Implementation: Similar to IMO, the current implementation of EM-IMO combines a master script (em_imo.pl) and several modular programs written in C or C++. This design allows us to easily test various combinations of modules and to incorporate new functions with the least change to the original structure. For example, the scoring function in IMO has been extended in EM-IMO by adding a new module, which is used to calculate the density fitting score for each candidate conformation during sampling. Another example is that the module used to calculate DFIRE energy in IMO is now replaced with a new module used to calculate normalized DFIRE energy in EM-IMO. The only problem of such implementation is the low speed, which will be addressed in the further development. To be more specific, all the modules will be integrated into a single data structure and more efficient methods will be used for side chain packing and density fitting.

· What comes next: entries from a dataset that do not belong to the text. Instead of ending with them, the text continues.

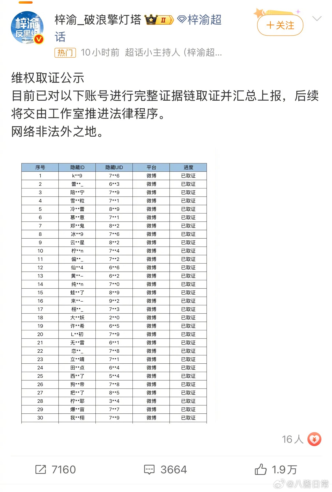 梓渝反黑组取证了田栩宁粉丝,并提交给梓渝工作室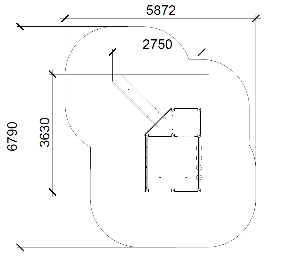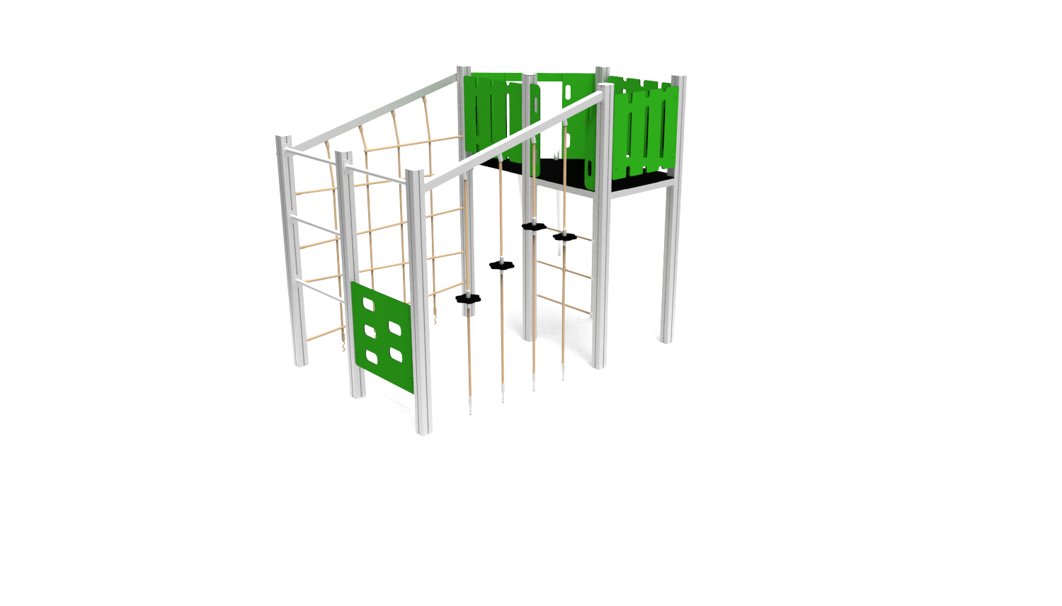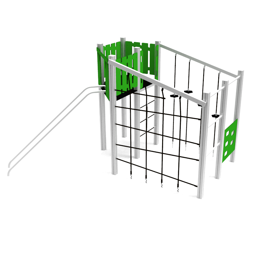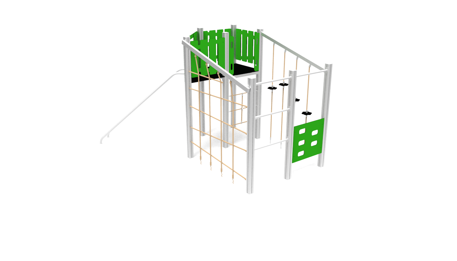 Structural poles: Aluminium profile 90x90 mm with eloxed surface, Platform: steel frame with wood-composite floor 140x24mm , Handles and other steel parts: Steel with zinked layer and coloured powder coating. Roof and side panels: HDPE sheets wit 12, 15 or 19mm thickness. Slide: Polyethylene, Screws: Stainless steel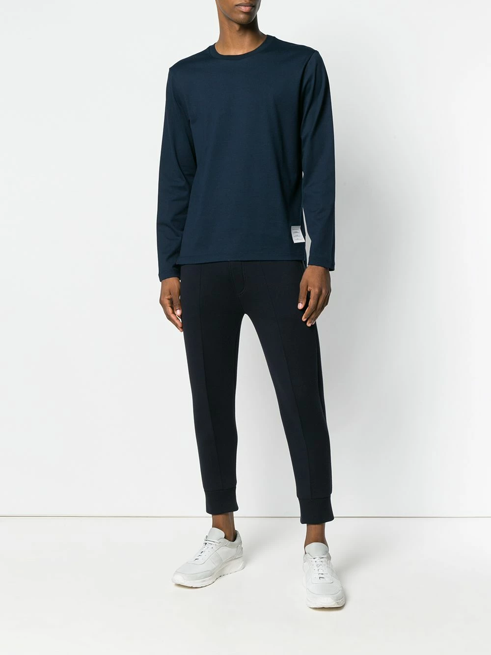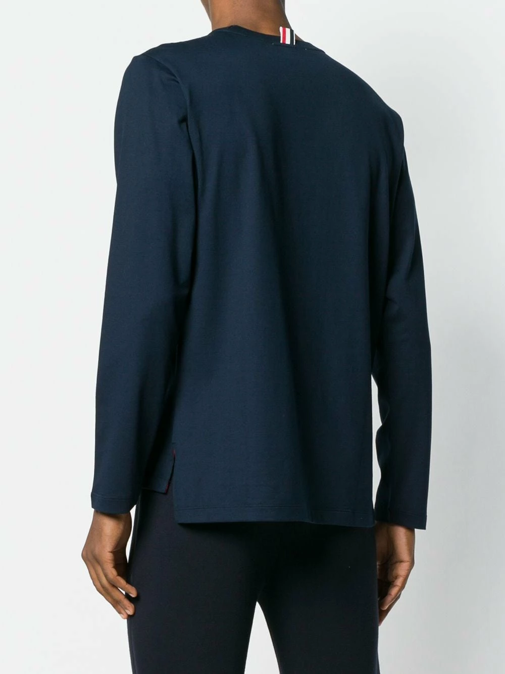 Blue cotton loose fit longsleeved T-shirt from Thom Browne featuring a round neck.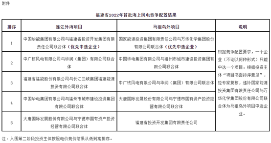 经专家评审、电价竞价和结果公示,华能集团有限公司与福建省投资开发集团有限责任公司联合体确定为连江外海项目中选企业,能源投资集团有限责任公司与万华化学集团股份有限公司联合体确定为马祖岛外项目的中选企业。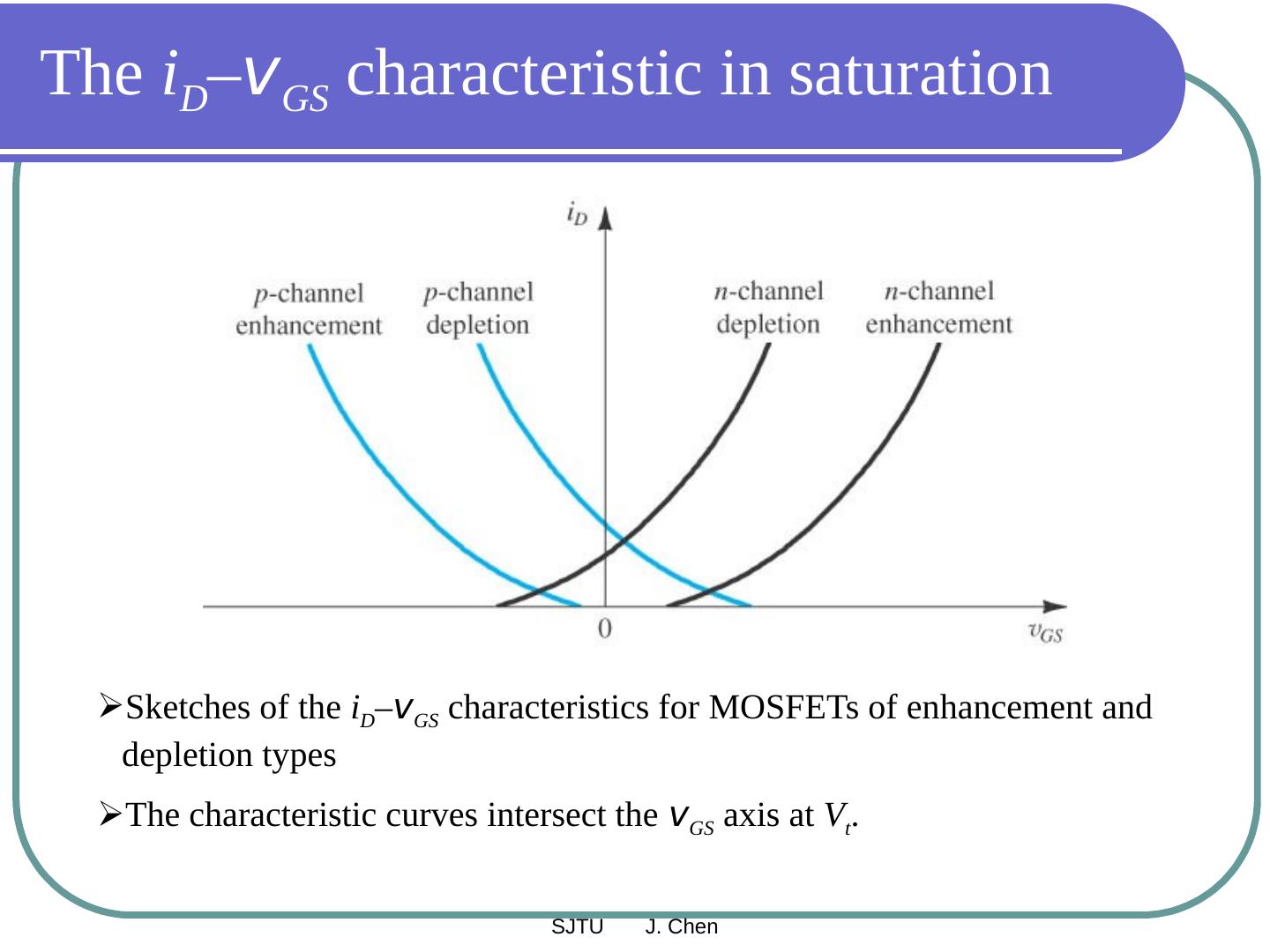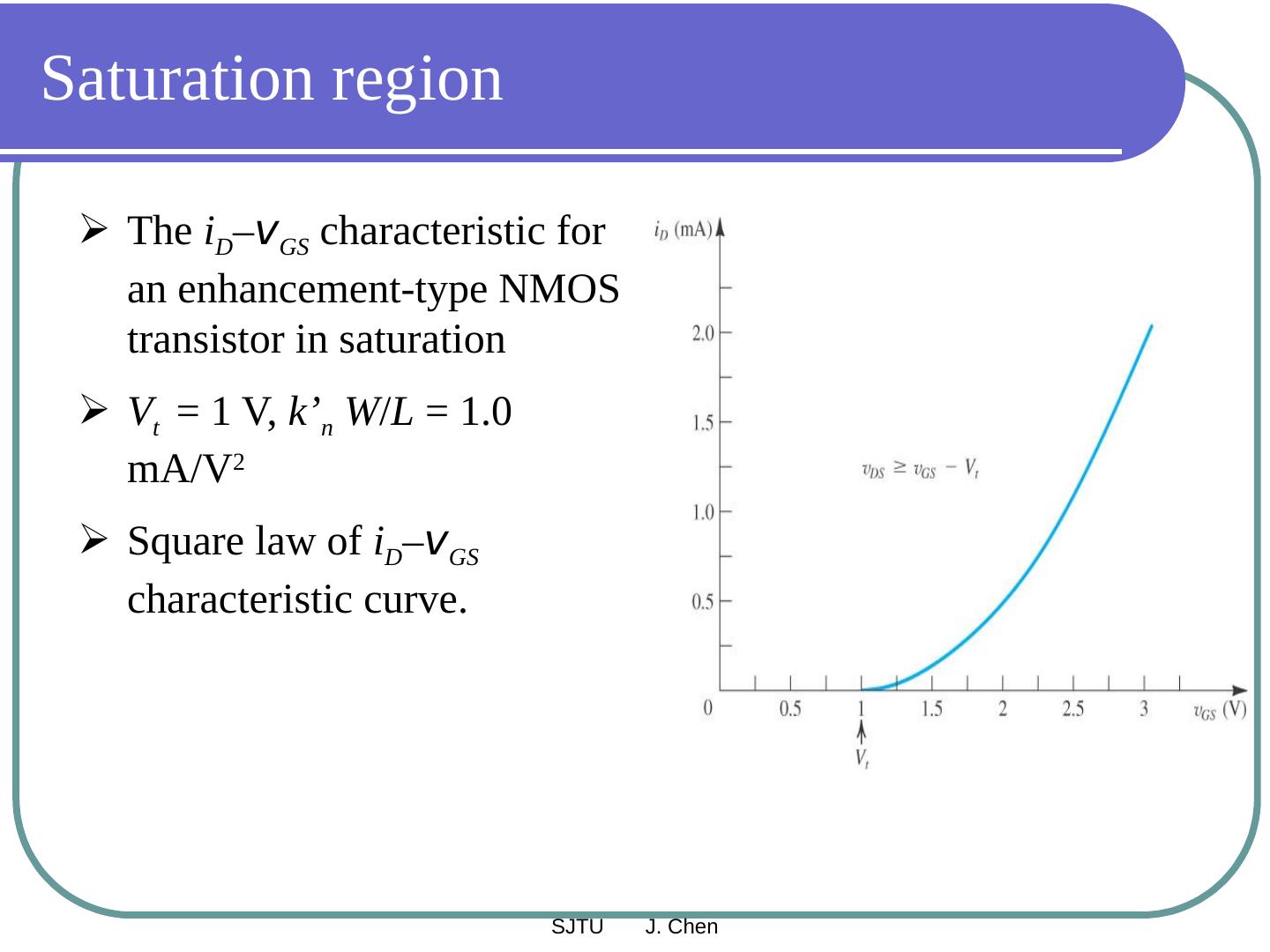 27 .SJTU J. Chen The i D – v GS characteristic for an enhancement-type NMOS transistor in saturation V t = 1 V, k’ n W / L = 1.0 mA/V 2 Square law of i D – v GS characteristic curve. Saturation r egion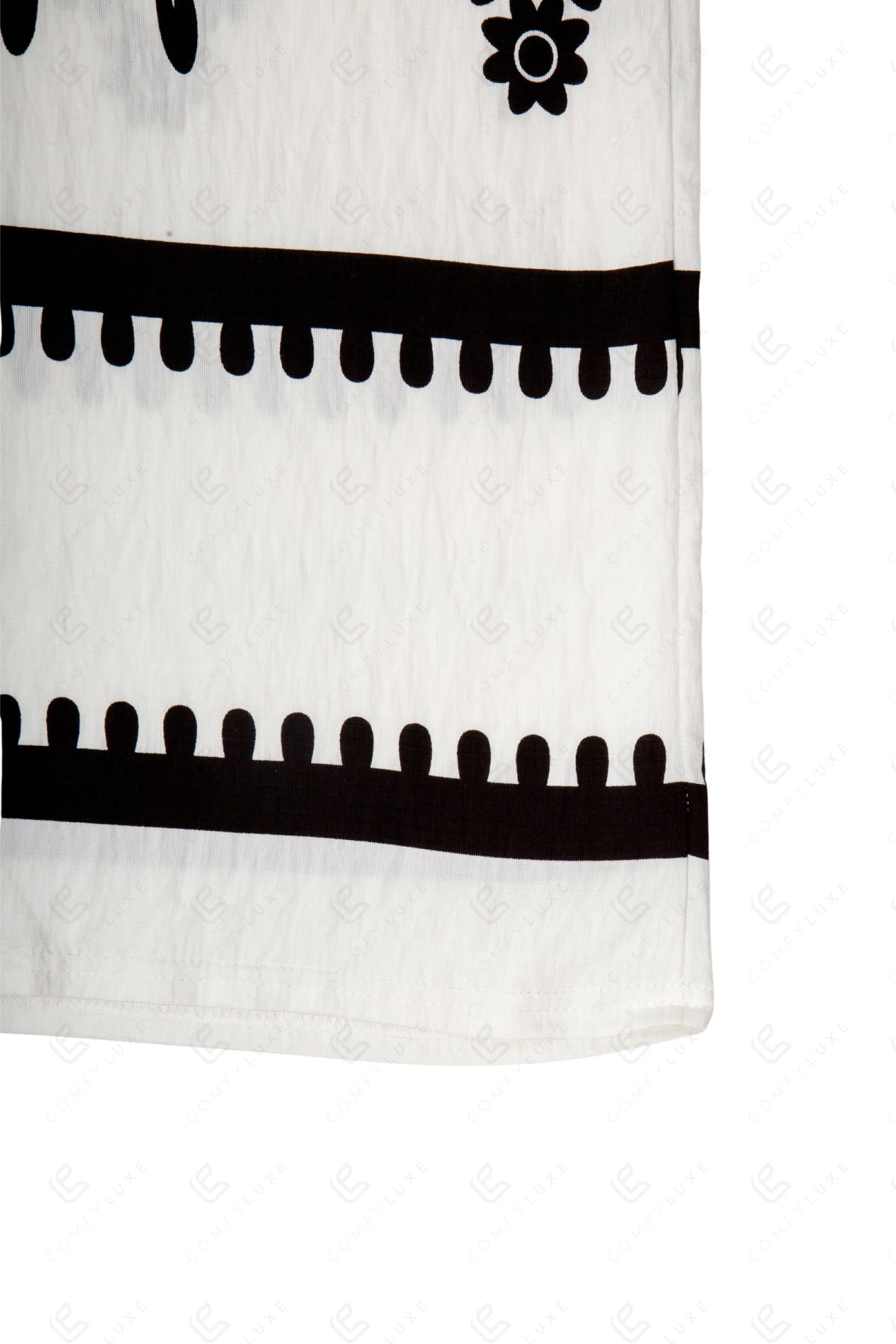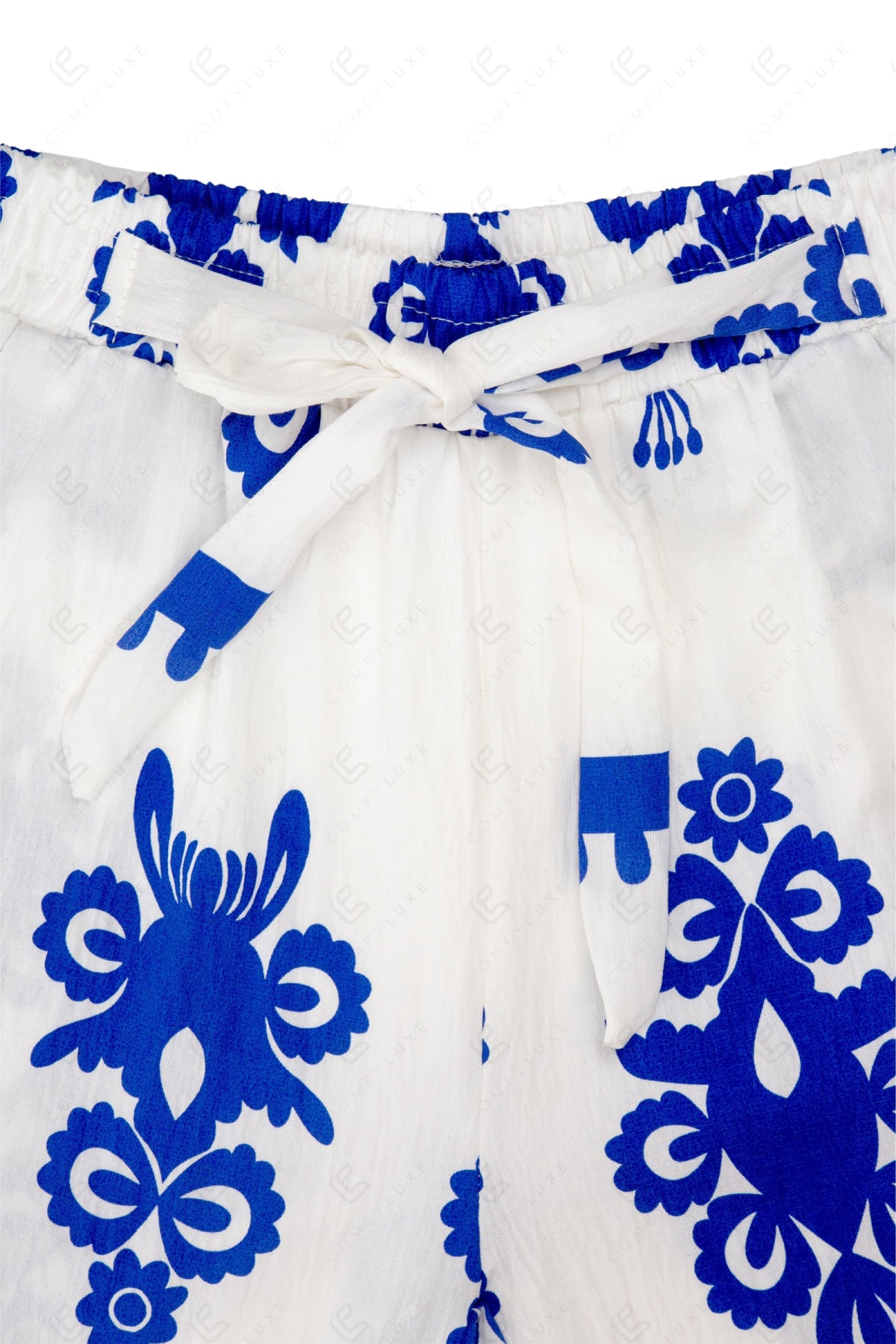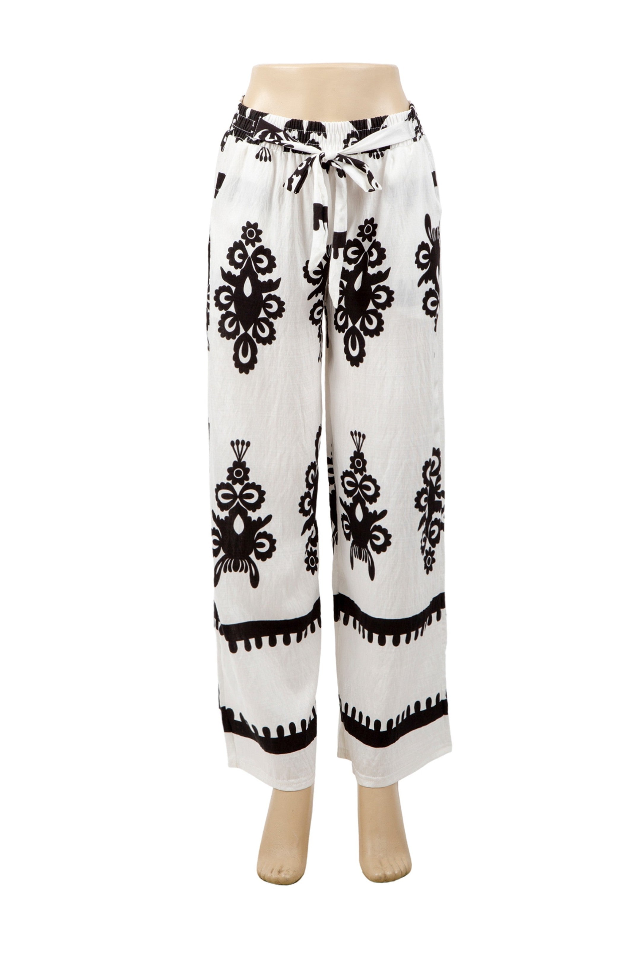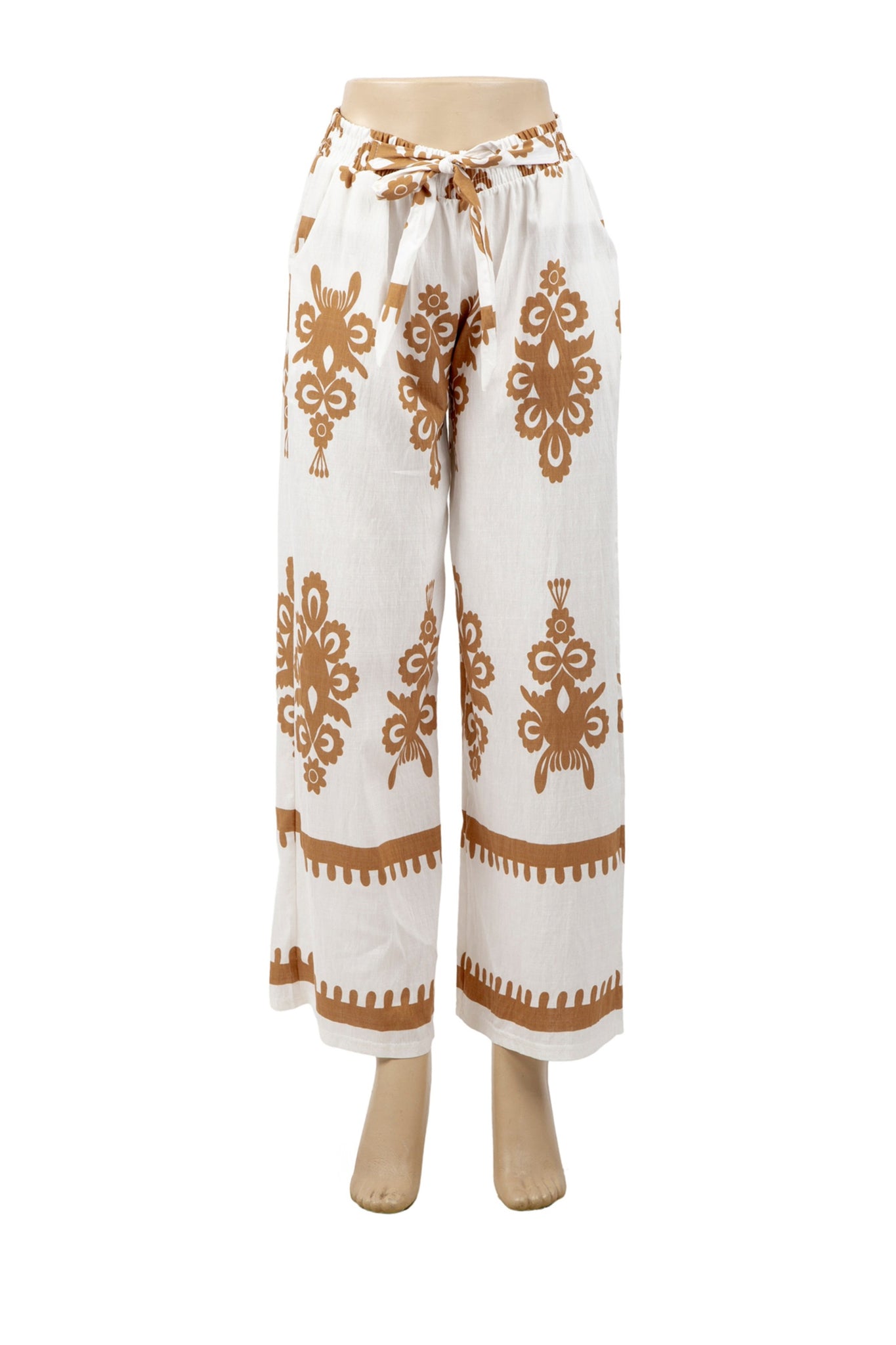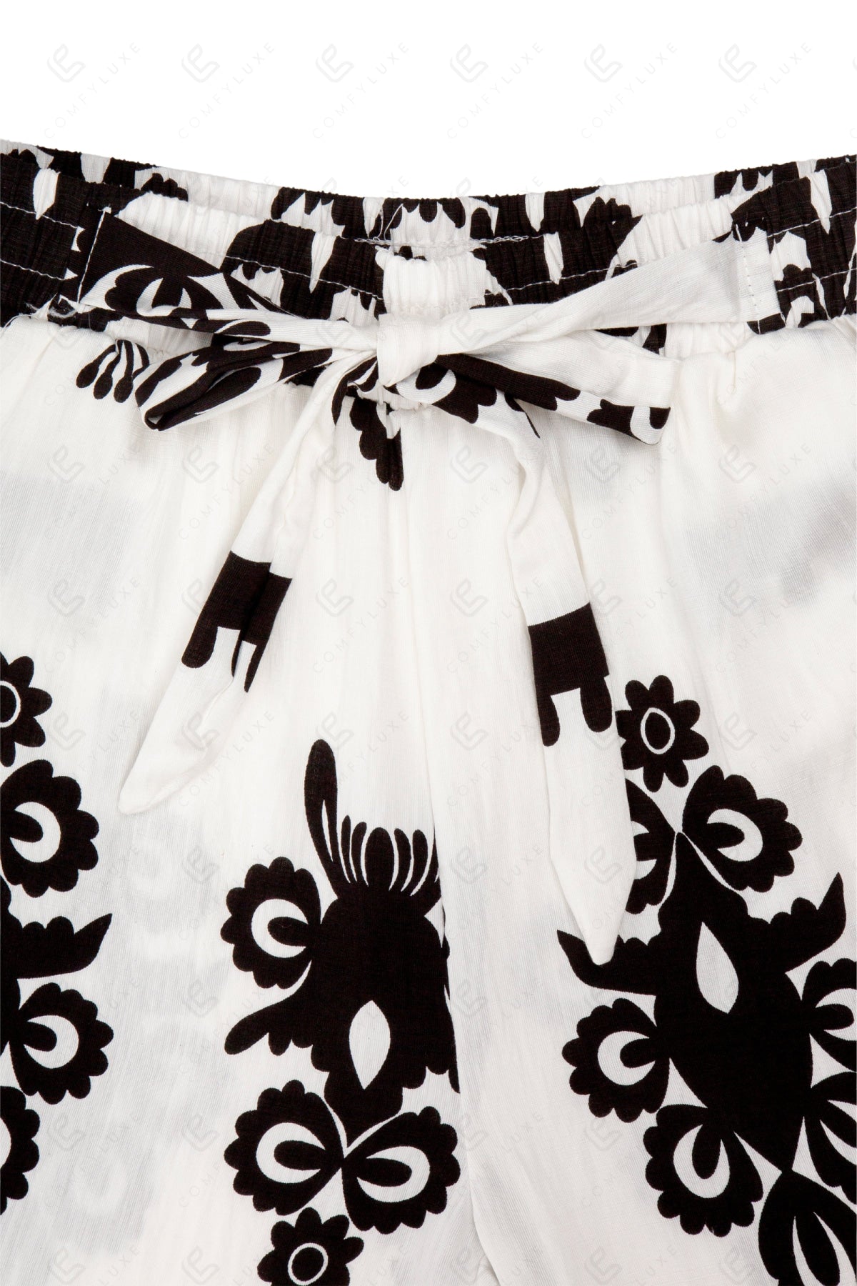 BOHO FLORAL PATTERN WIDE-LEG PANTS W/ TIE-KNOT STRING & POCKETS

Our preliminary results indicated that such change could improve the speed by a factor of 20 or even more.
Installation: Please follow the instruction below to install the EM-IMO refinement program.
Step 1: Download the EM-IMO package and unpack it in your home directory (e.g. /home/Jane_Doe/) *** NOTE: THIS LINK DOESN'T WORK ***
Step 3: Copy the SCRWL executable to the bin directory in the EM-IMO directory (e.g. /home/Jane_Doe/em_imo/bin).
Step 4: Compile "quickccc.cpp" in the same bin directory as above using g++ and following options:
g++ -O3 -o quickccc quickccc.cpp -IXXX/EMAN/include -LXXX/EMAN/lib -1EM
(XXX: path that specifies where the EMAN package is located)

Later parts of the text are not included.